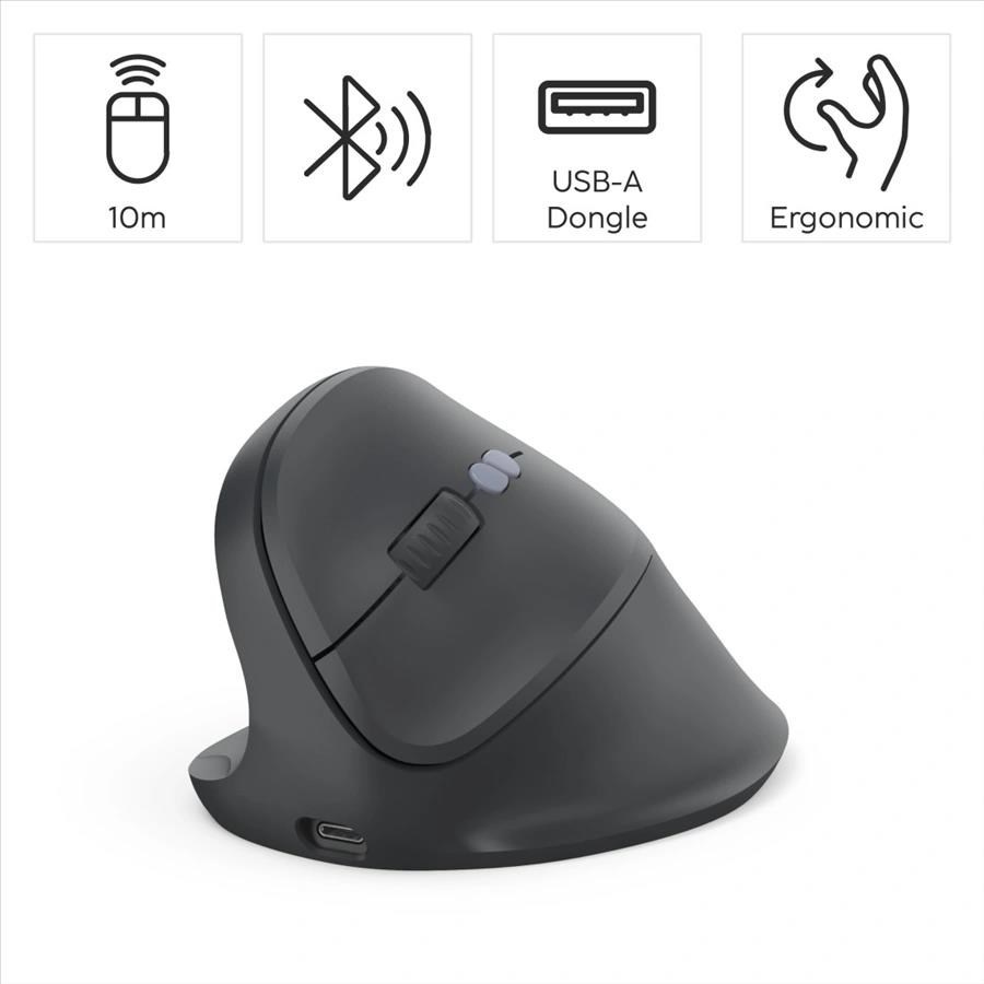 Popis Hama vertikálna ergonomická bezdrôtová myš EWM-600L, pre ľavákov, nabíjacia, čierna
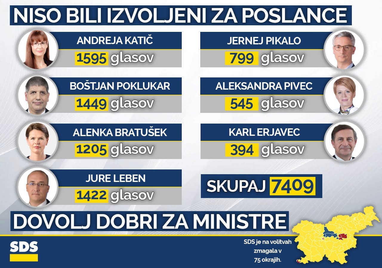 Za poslance niso bili izvoljeni niti minister za notranje zadeve Boštjan Poklukar (1.449 glasov), mag. Alenka Bratušek (1.205 glasov), Jernej Pikalo (799 glasov) in Aleksandra Pivec (545 glasov).
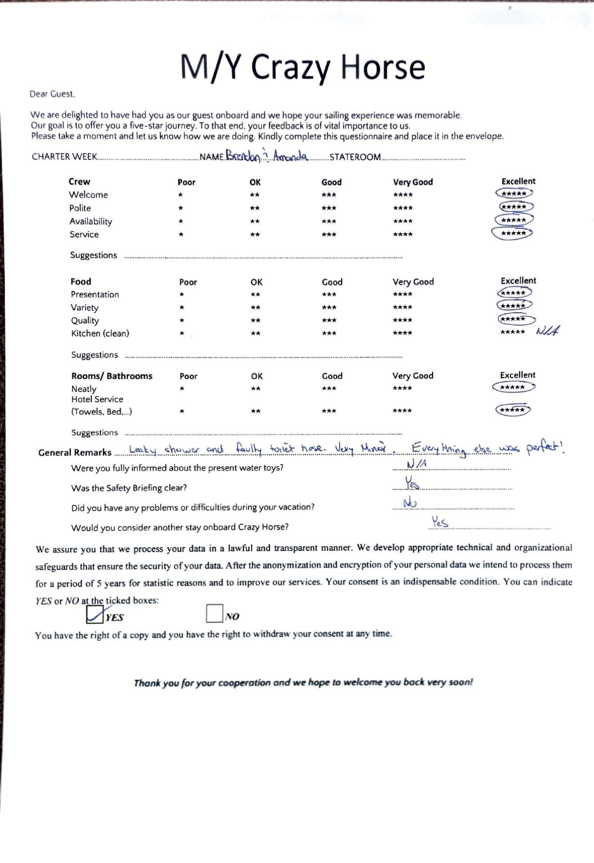 Additional yacht details including amenities and standard equipment for CRAZY HORSE
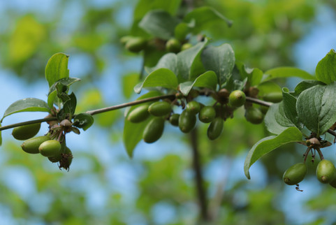 We walk the garden daily to inspect fruit trees for any disease or fatigue. The weather conditions have been ideal for our mulberry and thana (cornelian cherries) trees. Our pears are hit and miss, two trees basically picked bare after inspection of some vagrant worm and the peach, cherry, some figs show some damage from the late snow/frost on April 1st. The apple, cherry, plum, persimmon, kiwis, olive, pomegranate and kimchi (jujube) trees are starting to develop more each day. One cherry tree seems to be either dead or dormit for the year. We have several new trees, nectarine, plum, fig, pomegranate, and even a grafted quince with a pear doing well this spring.
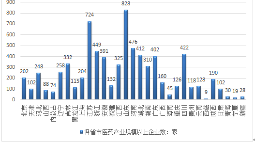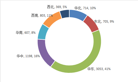 2016年底我国医药制造业规模以上企业数达到7449家,其中华北地区规模以上企业714家;东北地区规模以上企业705家;华东地区规模以上企业3053家;华中地区规模以上企业1198家;华南地区规模以上企业607家;西南地区规模以上企业803家;西北地区规模以上企业369家。
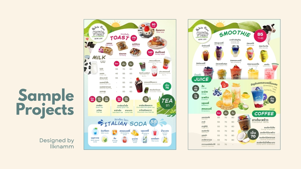 ฿1,800เมนูอาหารและเครื่องดื่ม 2 แผ่น หรือหน้า–หลัง ---- ✅ดีไซน์ตามสไตล์ร้าน (Minimal / Modern / Premium) ✅จัดวางเนื้อหาให้อ่านง่าย ✅ไฟล์งาน .PDF / .JPG พร้อมพิมพ์ --- รับผลิตจากโรงงาน ราคายังไม่รวมค่าผลิต

**WORK REQUIRED**
Please repeat the records above exactly, leaving every picture out.

**ANSWER**
 Popis Hama vertikálna ergonomická bezdrôtová myš EWM-600L, pre ľavákov, nabíjacia, čierna
 Za poslance niso bili izvoljeni niti minister za notranje zadeve Boštjan Poklukar (1.449 glasov), mag. Alenka Bratušek (1.205 glasov), Jernej Pikalo (799 glasov) in Aleksandra Pivec (545 glasov).
 Additional yacht details including amenities and standard equipment for CRAZY HORSE
 We walk the garden daily to inspect fruit trees for any disease or fatigue. The weather conditions have been ideal for our mulberry and thana (cornelian cherries) trees. Our pears are hit and miss, two trees basically picked bare after inspection of some vagrant worm and the peach, cherry, some figs show some damage from the late snow/frost on April 1st. The apple, cherry, plum, persimmon, kiwis, olive, pomegranate and kimchi (jujube) trees are starting to develop more each day. One cherry tree seems to be either dead or dormit for the year. We have several new trees, nectarine, plum, fig, pomegranate, and even a grafted quince with a pear doing well this spring.
 2016年底我国医药制造业规模以上企业数达到7449家,其中华北地区规模以上企业714家;东北地区规模以上企业705家;华东地区规模以上企业3053家;华中地区规模以上企业1198家;华南地区规模以上企业607家;西南地区规模以上企业803家;西北地区规模以上企业369家。
 ฿1,800เมนูอาหารและเครื่องดื่ม 2 แผ่น หรือหน้า–หลัง ---- ✅ดีไซน์ตามสไตล์ร้าน (Minimal / Modern / Premium) ✅จัดวางเนื้อหาให้อ่านง่าย ✅ไฟล์งาน .PDF / .JPG พร้อมพิมพ์ --- รับผลิตจากโรงงาน ราคายังไม่รวมค่าผลิต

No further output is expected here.